Data ▸
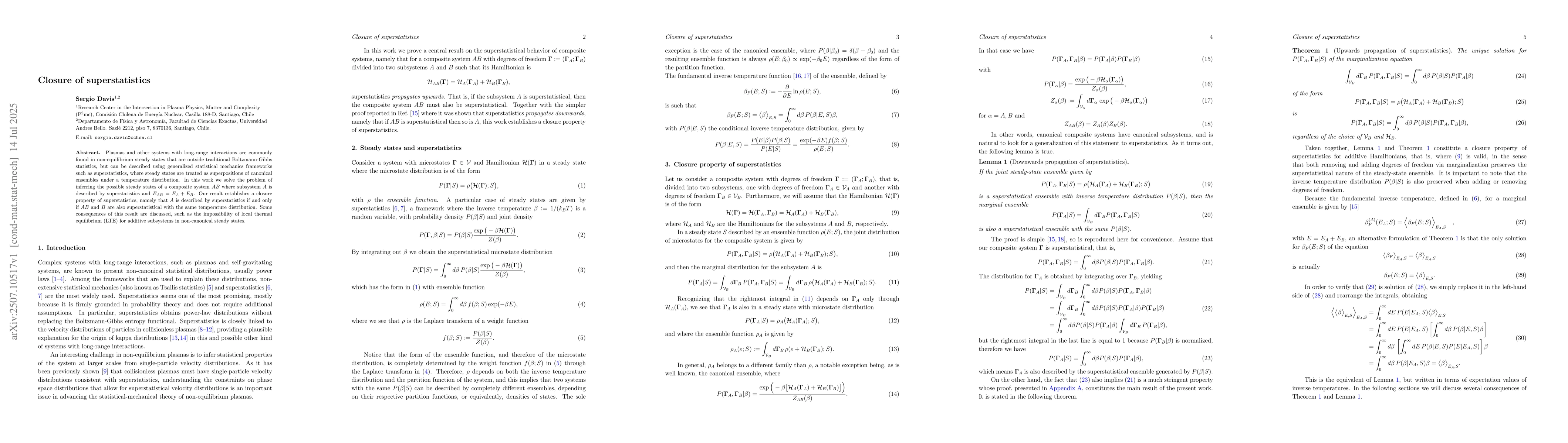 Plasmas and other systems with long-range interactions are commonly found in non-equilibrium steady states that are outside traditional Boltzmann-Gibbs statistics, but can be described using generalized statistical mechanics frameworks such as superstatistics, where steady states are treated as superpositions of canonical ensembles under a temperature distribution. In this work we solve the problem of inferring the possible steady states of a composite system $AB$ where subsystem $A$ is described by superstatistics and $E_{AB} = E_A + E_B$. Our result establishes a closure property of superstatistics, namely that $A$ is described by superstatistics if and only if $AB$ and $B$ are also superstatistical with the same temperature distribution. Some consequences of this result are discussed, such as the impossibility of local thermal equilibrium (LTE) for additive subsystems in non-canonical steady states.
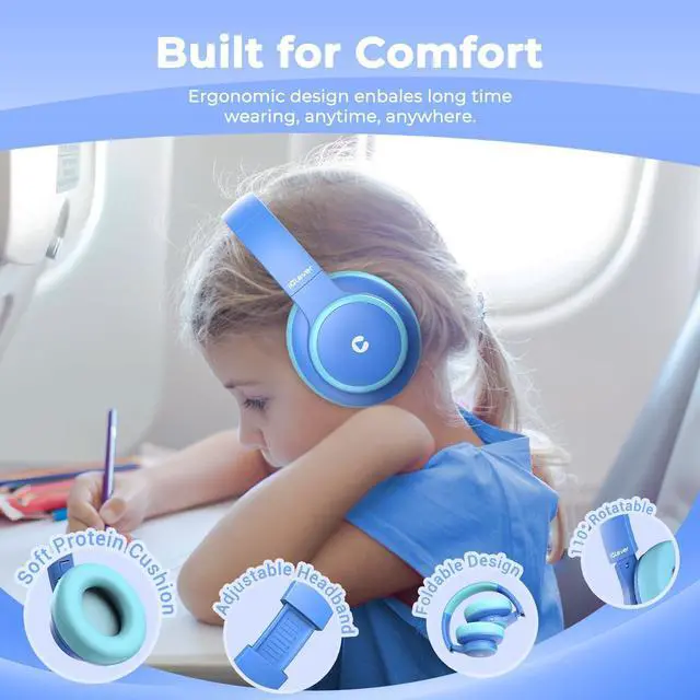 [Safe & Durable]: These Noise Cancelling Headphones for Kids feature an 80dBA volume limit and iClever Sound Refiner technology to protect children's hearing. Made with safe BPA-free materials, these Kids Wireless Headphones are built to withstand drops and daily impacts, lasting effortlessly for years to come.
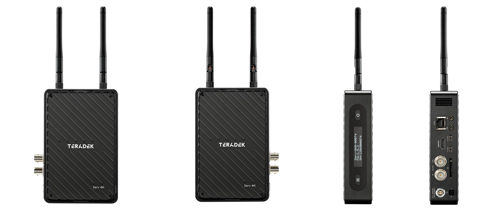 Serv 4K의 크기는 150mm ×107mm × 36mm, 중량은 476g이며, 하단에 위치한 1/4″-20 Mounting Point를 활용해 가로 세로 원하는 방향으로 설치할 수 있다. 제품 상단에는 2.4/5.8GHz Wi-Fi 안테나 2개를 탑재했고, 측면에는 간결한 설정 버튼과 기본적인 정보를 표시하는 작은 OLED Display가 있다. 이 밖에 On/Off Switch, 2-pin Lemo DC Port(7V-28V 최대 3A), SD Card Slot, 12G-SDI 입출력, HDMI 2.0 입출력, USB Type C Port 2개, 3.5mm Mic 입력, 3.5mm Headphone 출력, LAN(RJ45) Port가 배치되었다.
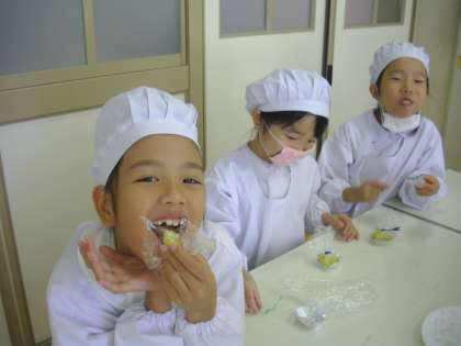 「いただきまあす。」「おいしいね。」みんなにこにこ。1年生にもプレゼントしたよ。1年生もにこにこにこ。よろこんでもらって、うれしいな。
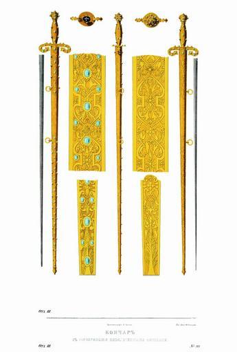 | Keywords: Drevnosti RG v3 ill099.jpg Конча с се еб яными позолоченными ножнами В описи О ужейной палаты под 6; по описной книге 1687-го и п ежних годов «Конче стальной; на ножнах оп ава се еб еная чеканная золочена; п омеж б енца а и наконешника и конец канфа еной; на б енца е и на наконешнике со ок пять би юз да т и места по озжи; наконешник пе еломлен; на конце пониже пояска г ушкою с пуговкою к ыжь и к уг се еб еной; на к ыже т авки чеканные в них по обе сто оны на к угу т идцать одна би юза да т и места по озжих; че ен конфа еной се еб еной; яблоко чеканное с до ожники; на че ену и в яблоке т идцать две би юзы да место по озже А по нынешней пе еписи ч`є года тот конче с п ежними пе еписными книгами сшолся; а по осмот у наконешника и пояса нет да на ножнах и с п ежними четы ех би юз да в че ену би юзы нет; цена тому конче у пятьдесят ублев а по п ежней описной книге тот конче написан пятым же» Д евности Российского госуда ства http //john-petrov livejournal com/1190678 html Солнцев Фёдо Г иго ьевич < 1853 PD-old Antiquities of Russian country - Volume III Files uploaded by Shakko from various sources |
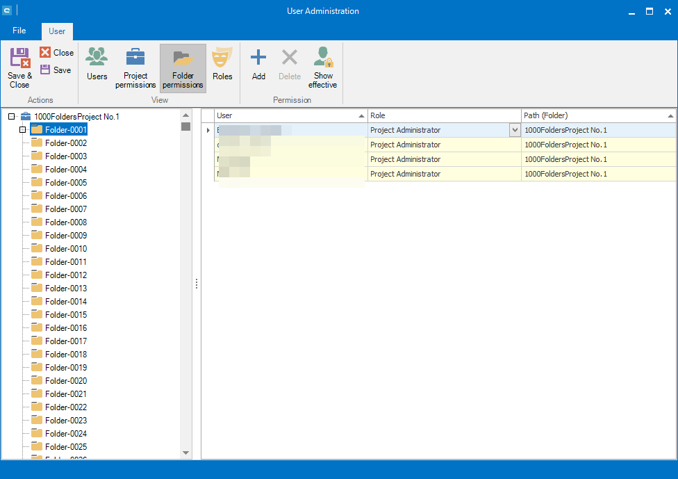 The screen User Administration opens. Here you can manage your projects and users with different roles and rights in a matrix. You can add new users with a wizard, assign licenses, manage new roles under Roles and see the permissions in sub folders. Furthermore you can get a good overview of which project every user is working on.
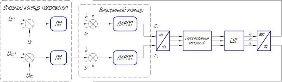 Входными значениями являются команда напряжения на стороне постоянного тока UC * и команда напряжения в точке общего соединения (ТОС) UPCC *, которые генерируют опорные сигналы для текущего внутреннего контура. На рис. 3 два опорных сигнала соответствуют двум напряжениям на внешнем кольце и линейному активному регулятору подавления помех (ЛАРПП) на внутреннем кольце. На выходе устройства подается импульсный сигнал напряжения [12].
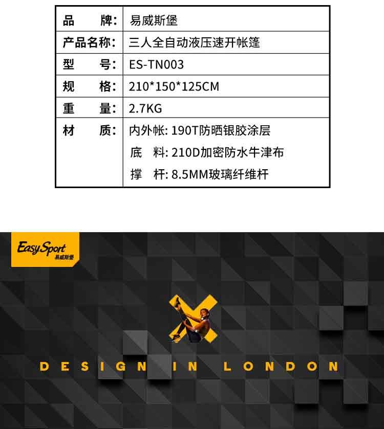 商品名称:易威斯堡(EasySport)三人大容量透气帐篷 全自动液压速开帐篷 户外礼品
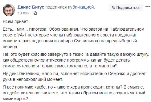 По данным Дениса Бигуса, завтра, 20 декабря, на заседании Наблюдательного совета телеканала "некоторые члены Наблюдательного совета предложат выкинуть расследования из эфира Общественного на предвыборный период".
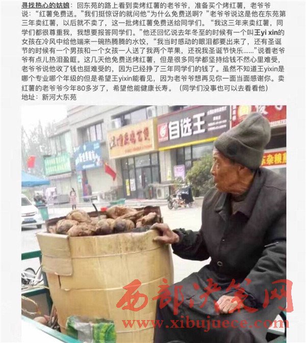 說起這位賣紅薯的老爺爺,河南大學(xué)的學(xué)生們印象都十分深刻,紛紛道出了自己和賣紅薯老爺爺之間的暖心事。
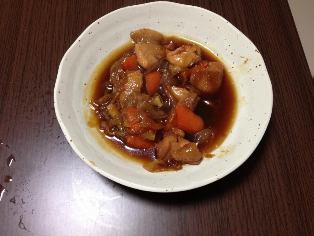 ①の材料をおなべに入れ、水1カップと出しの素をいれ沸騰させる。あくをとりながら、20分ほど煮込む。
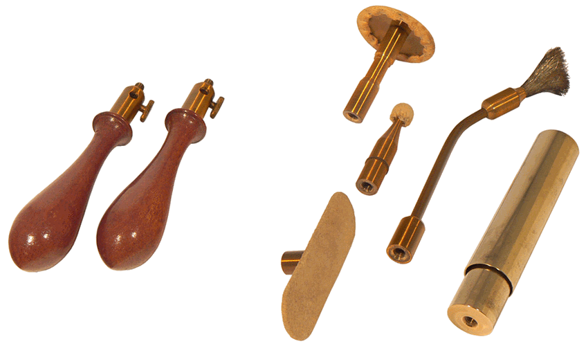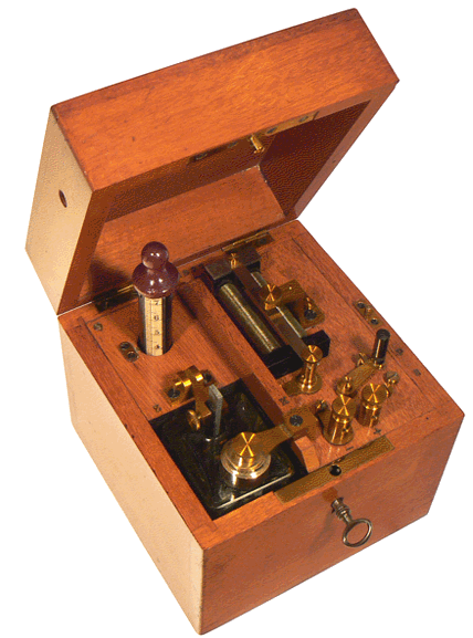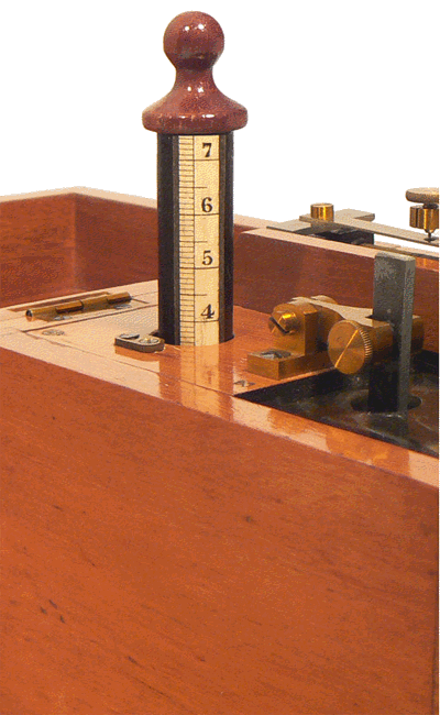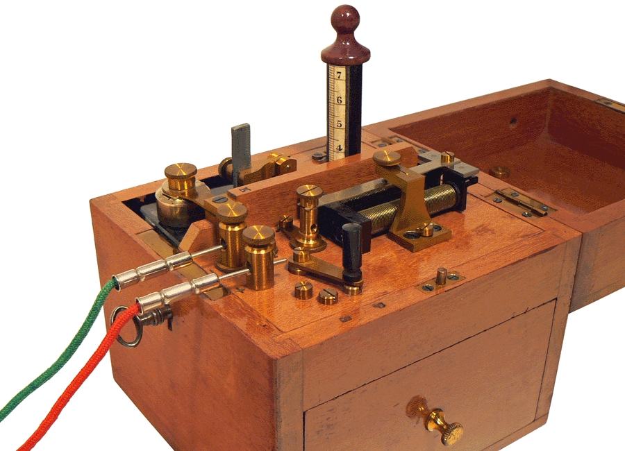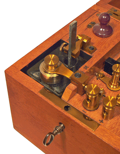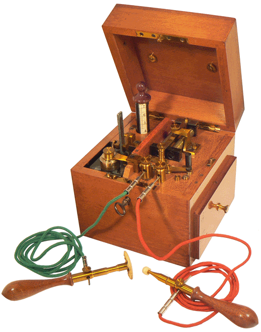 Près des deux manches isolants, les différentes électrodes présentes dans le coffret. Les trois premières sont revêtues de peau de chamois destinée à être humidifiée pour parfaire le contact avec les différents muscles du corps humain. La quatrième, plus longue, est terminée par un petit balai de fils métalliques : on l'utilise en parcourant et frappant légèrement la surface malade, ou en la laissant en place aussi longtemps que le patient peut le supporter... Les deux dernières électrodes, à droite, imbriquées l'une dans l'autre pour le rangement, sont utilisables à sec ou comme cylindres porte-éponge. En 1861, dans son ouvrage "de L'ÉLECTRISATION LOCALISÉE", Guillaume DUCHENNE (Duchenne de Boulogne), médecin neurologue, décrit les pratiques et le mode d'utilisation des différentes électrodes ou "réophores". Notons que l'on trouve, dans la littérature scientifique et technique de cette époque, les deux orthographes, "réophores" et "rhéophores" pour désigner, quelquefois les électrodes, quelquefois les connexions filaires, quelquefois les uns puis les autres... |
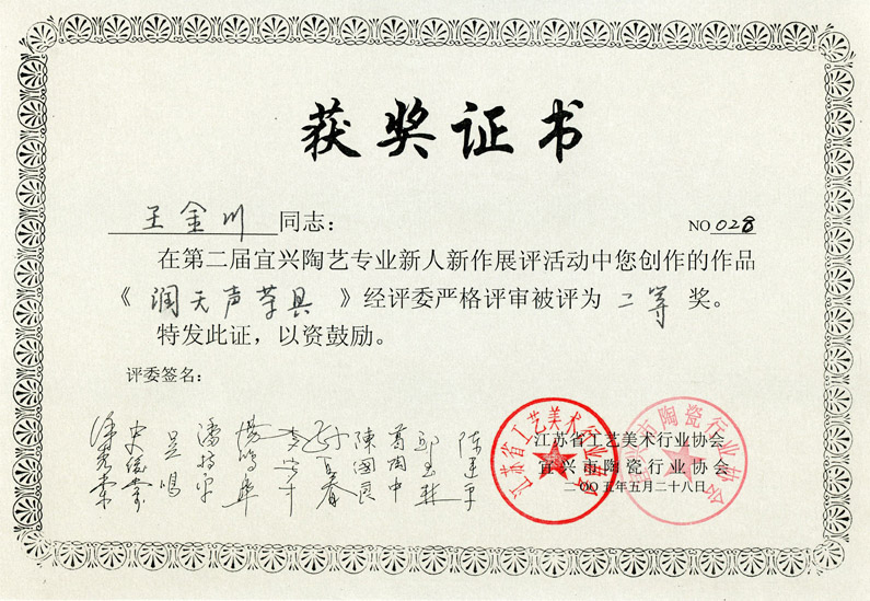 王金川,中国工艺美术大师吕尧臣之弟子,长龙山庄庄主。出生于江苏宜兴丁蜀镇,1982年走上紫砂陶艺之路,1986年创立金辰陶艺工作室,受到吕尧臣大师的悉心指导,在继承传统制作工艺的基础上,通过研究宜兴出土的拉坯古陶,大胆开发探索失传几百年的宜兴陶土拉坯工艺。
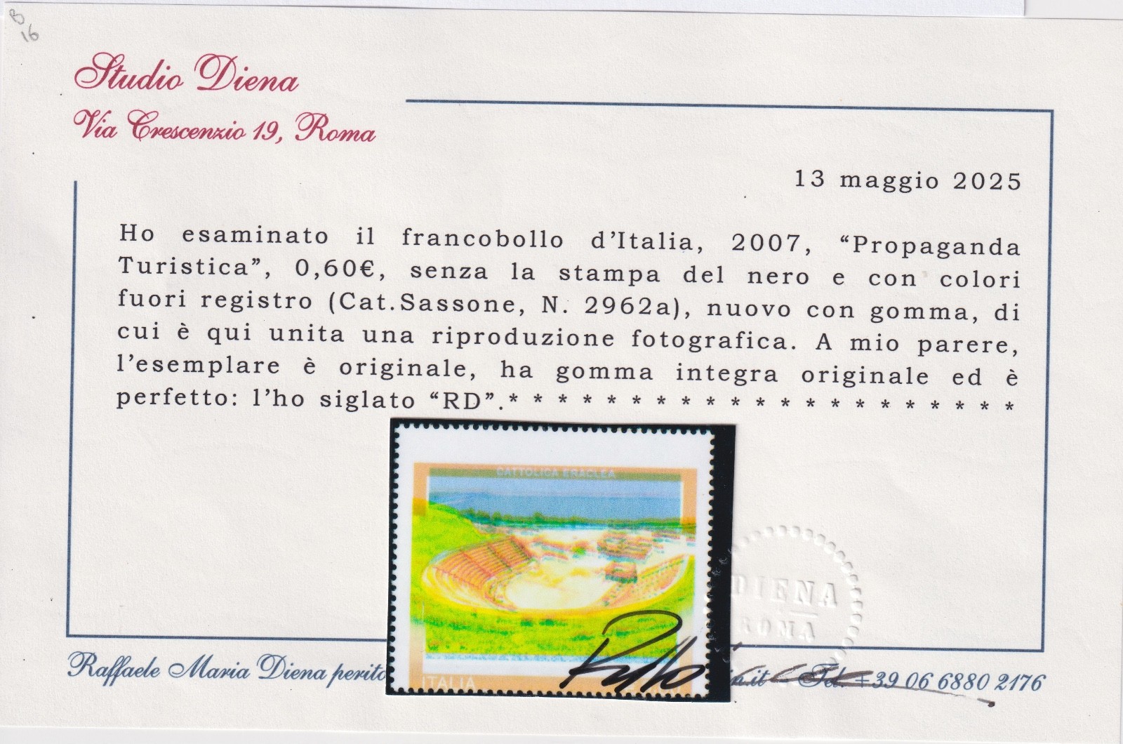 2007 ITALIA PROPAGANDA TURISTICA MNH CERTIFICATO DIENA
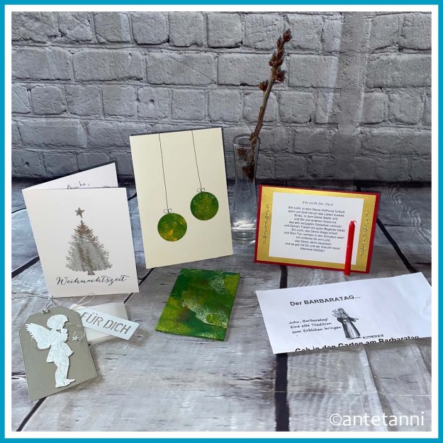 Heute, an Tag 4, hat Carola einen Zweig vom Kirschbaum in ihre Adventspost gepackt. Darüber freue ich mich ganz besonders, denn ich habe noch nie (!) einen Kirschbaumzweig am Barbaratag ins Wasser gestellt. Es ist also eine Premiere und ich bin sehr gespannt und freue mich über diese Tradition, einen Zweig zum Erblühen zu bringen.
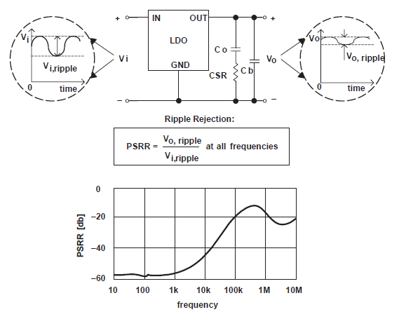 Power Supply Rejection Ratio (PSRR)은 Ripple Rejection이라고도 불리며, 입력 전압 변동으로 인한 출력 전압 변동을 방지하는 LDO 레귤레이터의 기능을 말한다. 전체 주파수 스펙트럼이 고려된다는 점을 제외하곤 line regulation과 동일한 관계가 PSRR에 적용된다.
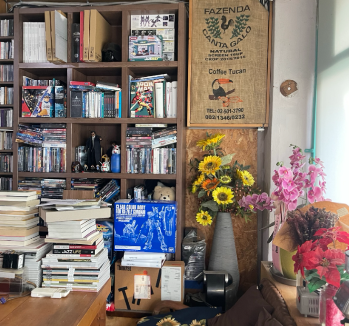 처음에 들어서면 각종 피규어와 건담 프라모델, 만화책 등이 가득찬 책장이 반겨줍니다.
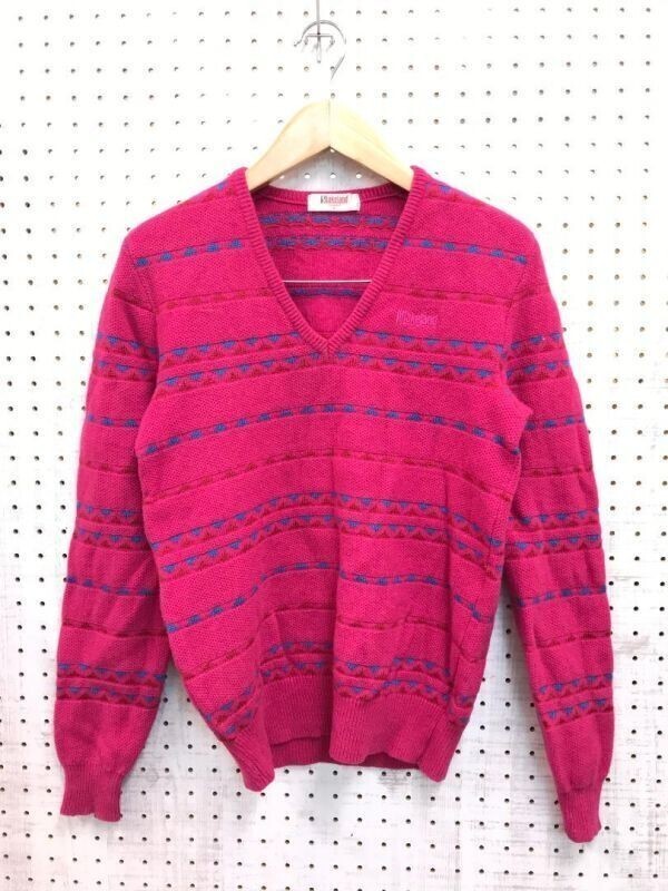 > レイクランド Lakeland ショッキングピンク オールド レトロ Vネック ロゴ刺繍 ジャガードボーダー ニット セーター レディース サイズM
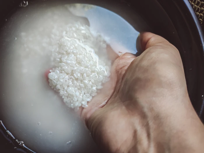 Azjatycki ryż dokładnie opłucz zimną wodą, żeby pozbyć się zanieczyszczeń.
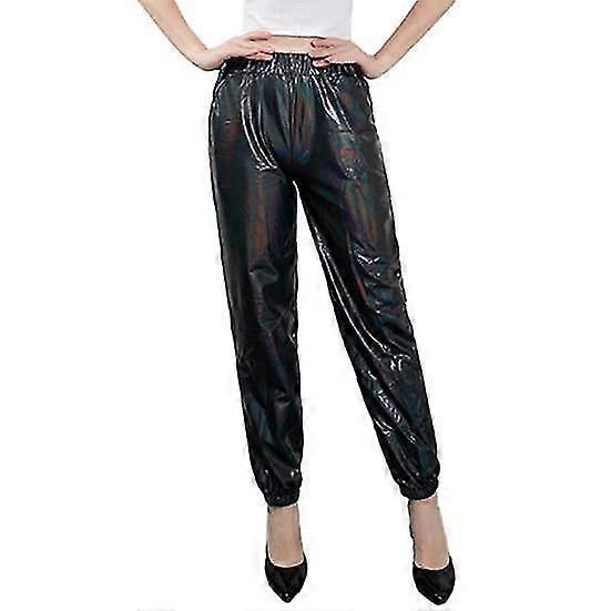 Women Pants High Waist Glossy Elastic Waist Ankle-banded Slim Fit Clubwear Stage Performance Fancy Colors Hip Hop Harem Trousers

To do ▸
Return the lines exactly, from the one containing "Heute, an Tag" through the last line above, including both ends and excluding every picture.

Output of the task ▸
 Heute, an Tag 4, hat Carola einen Zweig vom Kirschbaum in ihre Adventspost gepackt. Darüber freue ich mich ganz besonders, denn ich habe noch nie (!) einen Kirschbaumzweig am Barbaratag ins Wasser gestellt. Es ist also eine Premiere und ich bin sehr gespannt und freue mich über diese Tradition, einen Zweig zum Erblühen zu bringen.
 Power Supply Rejection Ratio (PSRR)은 Ripple Rejection이라고도 불리며, 입력 전압 변동으로 인한 출력 전압 변동을 방지하는 LDO 레귤레이터의 기능을 말한다. 전체 주파수 스펙트럼이 고려된다는 점을 제외하곤 line regulation과 동일한 관계가 PSRR에 적용된다.
 처음에 들어서면 각종 피규어와 건담 프라모델, 만화책 등이 가득찬 책장이 반겨줍니다.
 > レイクランド Lakeland ショッキングピンク オールド レトロ Vネック ロゴ刺繍 ジャガードボーダー ニット セーター レディース サイズM
 Azjatycki ryż dokładnie opłucz zimną wodą, żeby pozbyć się zanieczyszczeń.
 Women Pants High Waist Glossy Elastic Waist Ankle-banded Slim Fit Clubwear Stage Performance Fancy Colors Hip Hop Harem Trousers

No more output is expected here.